# New to RP, any tips?



## Nightlock (Jul 28, 2018)

Just what it says in the title (hopefully this is the right thread to ask this on, heh )

I'm really passionate and comfortable with my writing ability but I'm also completely new to the whole RP scene. Any and all advice is appreciated! x


----------



## Open_Mind (Jul 29, 2018)

I'm surprised to be the first one to respond to you! RP is a great way of immersing yourself in your 'sona's character and exploring everything from adventure to romance. But it can certainly be intimidating to create a story _on the fly_ with one or more other people. I was completely new to it when I started about six months ago. Here's some of the things I've learned.

-- There is no 'right' or 'wrong' way to RP. Different styles work in different situations and with different people. You will find one that you're most comfortable with, but be flexible.

-- Agree on the broad plot and "don't cross" lines  before you get started. It will prevent misunderstandings and that awkward moment when your adventure tale veers into NSFW territory.

-- In general, I use "1st Person" in my RP.  But
 3rd Person is good for summarizing large scenes, flashbacks, or "floating POV" between dialog. Don't worry to much though... I always found that the partners or group seemed to settle almost automatically into a rhythm that matched the story.

-- Try to match yourself up with RP partners that match your level of detail. Few things are as frustrating as spending 20 minutes on a detailed, multi-paragraph post just to have your partner reply with a few words or a single sentence. I've had several times when I've politely ended the story when it became clear the writing styles just didn't match.

-- Be careful not to overextend yourself. It depends on how much time you have to write, but in my case I try not to have more than two stories going at a time. Keeping your partner(s) waiting too long for a reply is frustrating to them and stressful to you.
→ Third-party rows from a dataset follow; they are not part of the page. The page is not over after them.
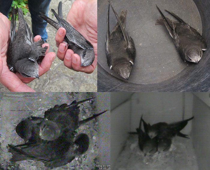 Top photos – swifts to be fostered. Bottom photo left inside NB4 South and bottom right inside NB2 North.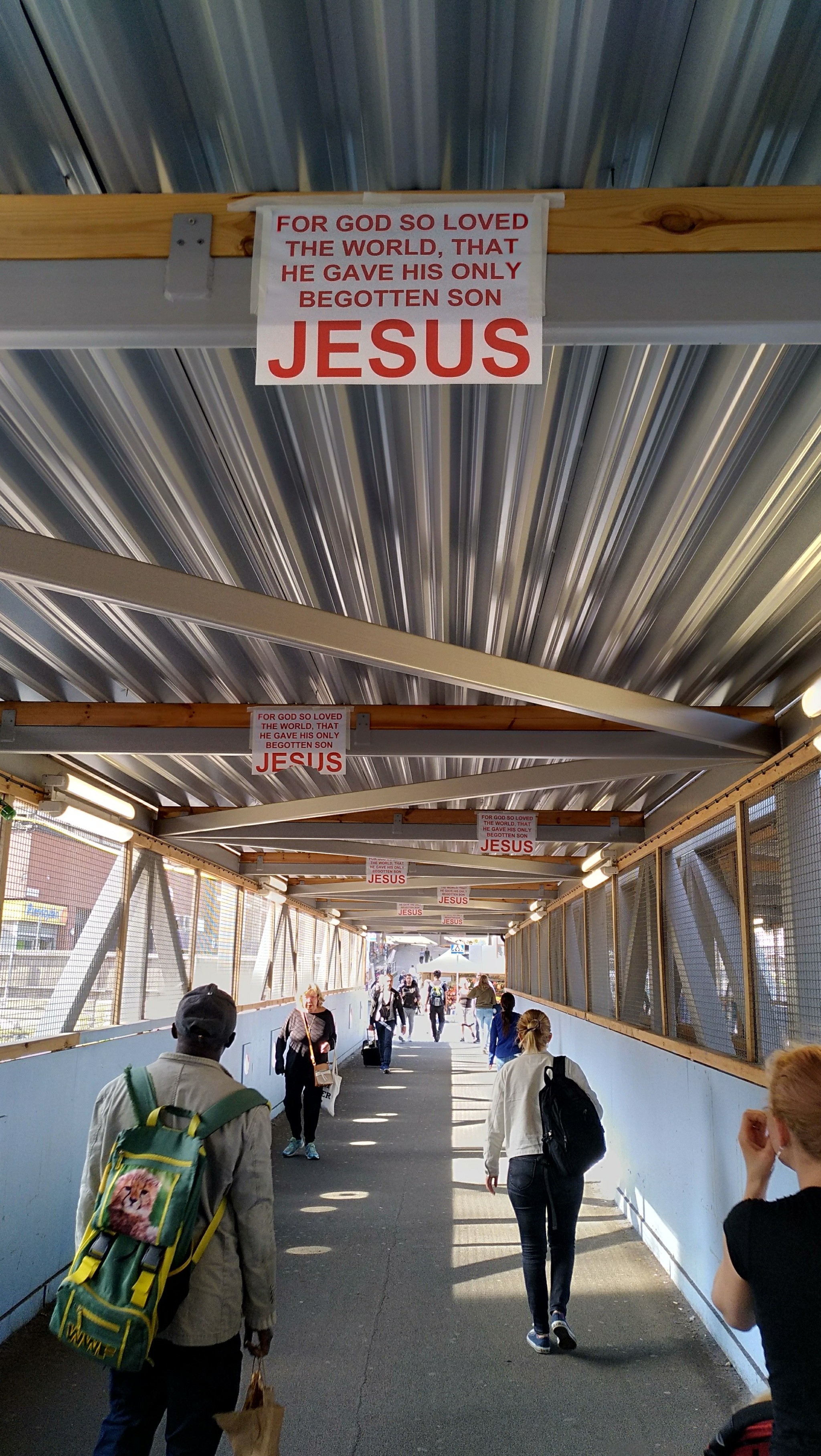Таблички, расположенные под потолком в надземном переходе в Стокгольме.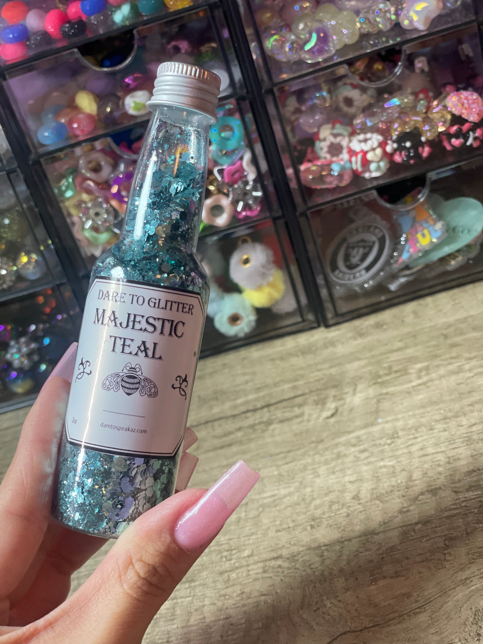 Create your own unique glitter mix with Majestic Teal by Dare to Speak Az! Choose up to 3 different glitters and watch as they are mixed and placed into a beautiful snow globe cup. Perfectly paired with a UVDTF cup wrap.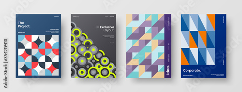 Company identity brochure template collection. Business presentation vector A4 vertical orientation front page mock up set. Corporate report cover abstract geometric illustration design layout bundle.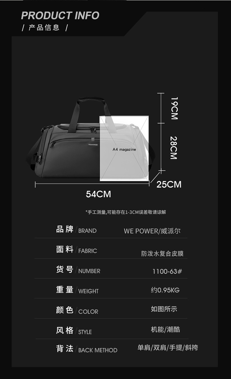 【产品货号】1100-63#旅行包、可双肩、单肩、斜挎包、可手提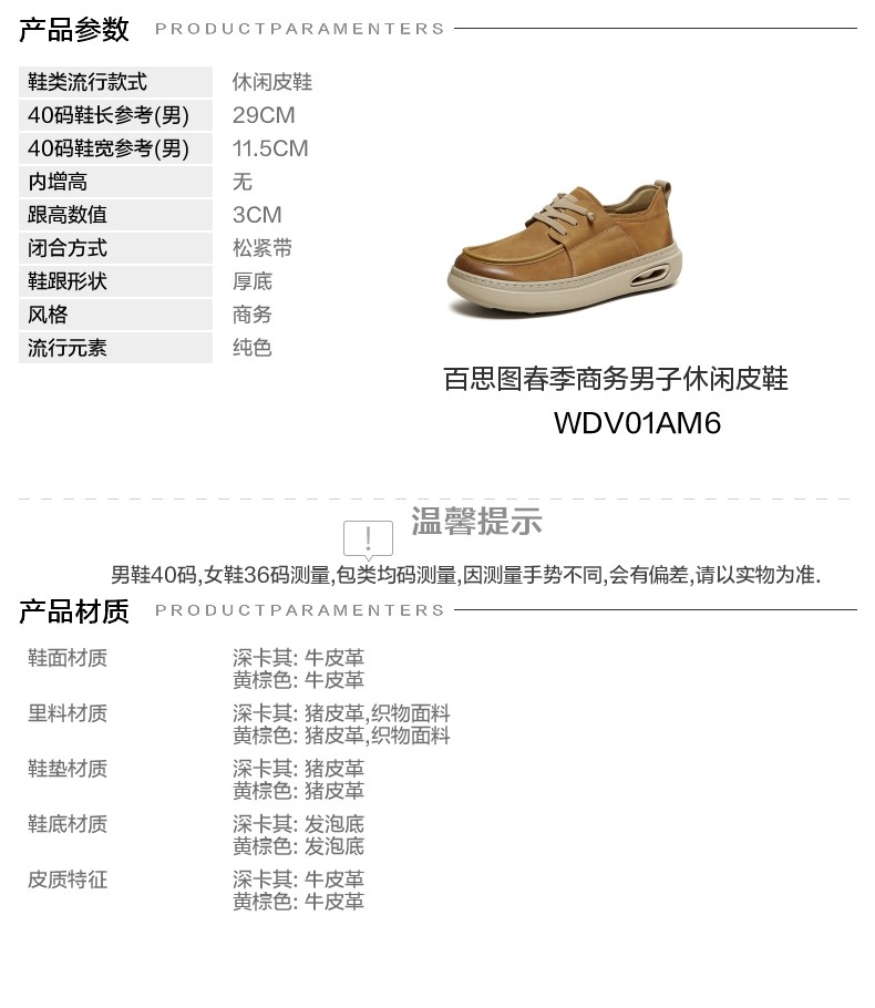 【云粉节】BF楼百思图2026春季新款商务通勤男休闲皮鞋WDV01AM6 吊牌价999.现价500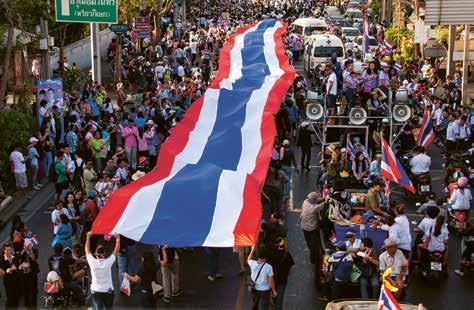 litisk manøvrerte Bangkok seg inn under Washingtons paraply, og innenrikspolitisk legitimerte antikommunismen en hardhendt militær kontroll. Blodige skytinger av studenter i 1973 og 1976 viste at frykten for kommunismen ble delt av både hæren og kongefamilien. Etter hvert som Sovjetunionen gikk i oppløsning, ble den kommunistiske trusselen erstattet av frykt for massenes demokratiske krav – noe som kulminerte med Thaksins velferdsog mobiliseringspolitikk på begynnelsen av 2000-tallet, som eliten så på som et frontalangrep på en politisk struktur der de samme politiske aktørene ble valgt igjen og igjen.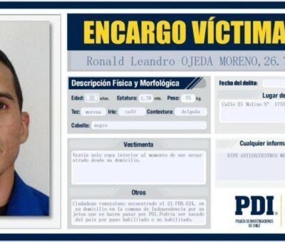 Las autoridades policiales de Chile detuvieron a un venezolano de 17 años como primer sospechoso del secuestro y asesinato de Ronald Ojeda, mientras

This is just a few highlights, but I hope they help get you started. Let me know if you have other questions. Have fun and good luck!

*óÓÒò*


----------



## Roose Hurro (Aug 2, 2018)

I simply look at RP as collaborative story-telling, and I write in "novel" form, third-person only.  That's my style.  So if you're comfortable with your writing ability, just look at RP as a means to craft a story, only you're writing this story with one or more other people.  So you simply build on each "player's" post.  I like to focus on character development, though all the other elements need to be detailed out, as needed.

And yes, @Open_Mind ... nothing more frustrating than spending time crafting all that detail, only to have a one-liner reply.  Funny thing though, I did have one lady I RPed with (briefly... the RP ended up dying) who replied with one liners, but she managed to convey character, action and setting all in that brief few words, so I was always able to respond.  But I've only found that once.  On this site, yes, I started an RP, a reboot of one I made on another site, but I stopped posting when the one person in the RP asked my character's name, I gave it... and, in his next post, he asked my character's name again.  Sent him a PM, but no response and no correction, so I couldn't continue.  Shame.  Haven't really seen any RPs on this site I can get involved in, due to the lack of posting quality.  Would like to find people who care, so I can keep developing my characters.


----------



## Open_Mind (Aug 2, 2018)

Roose Hurro said:


> Haven't really seen any RPs on this site I can get involved in...


In my experience Discord servers are an excellent place to find high-quality, detailed, long-term RPs with other furries. There are several out there I've had the good luck to find; for info shoot me a DM.  

_Tipping his hat cordially, the old Direwolf gave a wink and then turned to leave, the setting sun framing him as a dark silhouette as he passed through the doorway._


----------



## Murphy (Aug 2, 2018)

Open_Mind said:


> In my experience Discord servers are an excellent place to find high-quality, detailed, long-term RPs with other furries. There are several out there I've had the good luck to find; for info shoot me a DM.
> 
> _Tipping his hat cordially, the old Direwolf gave a wink and then turned to leave, the setting sun framing him as a dark silhouette as he passed through the doorway._


I’m interested! Could you PM/post details please? 


Also Med, I’m happy to RP with you if you’d like. We could start with something simple that’s just our characters meeting and interacting. A beach, a bar, a mountain...

And for general unwritten “rules” of role play are no netspeak (if ur typing lyk dis ppl will b PIZED), don’t god mode (you cannot control the actions of another person’s character without explicit consent), and generally your character shouldn’t be an all powerful, never-do-wrong, never-get-hit type. If, say, you’re role playing a fight scene then your character shouldn’t dodge every attack and land every hit they make. Realistic characters have flaws; they get beat up, they get embarrassed, they don’t always get the girl, they’re not always right. Also think about your character’s personality type and whether their actions and words fit their personality. The more you do it the better you get. I hope this helped!


Edit: Also remember to keep Out of Character (OOC) speak to brackets or parentheses and keep it to a minimum. Also IC means In Character and means you’re playing the part of your char and not speaking as yourself. Some people will take offense to IC actions and get mad at you OOC, which is what we generally call a bitch move. Just because some one role plays as an asshole character doesn’t mean theyre an asshole OOC or that they don’t like you. Keep that in mind too.


----------



## Open_Mind (Aug 4, 2018)

Murphy said:


> I’m interested! Could you PM/post details please?


Would be glad to! Will be in touch soon


----------



## Tyll'a (Aug 5, 2018)

@Murphy hit the nail on the head.  Although there is one thing I would like to add.  I do a lot of RP, although there is one person I regularly RP with whose typing can be hard to understand.  She isn't trying to be hard to understand though; those are called typos!  Lots and lots of typos, as she is not that great a typist.  So keep an open mind!


----------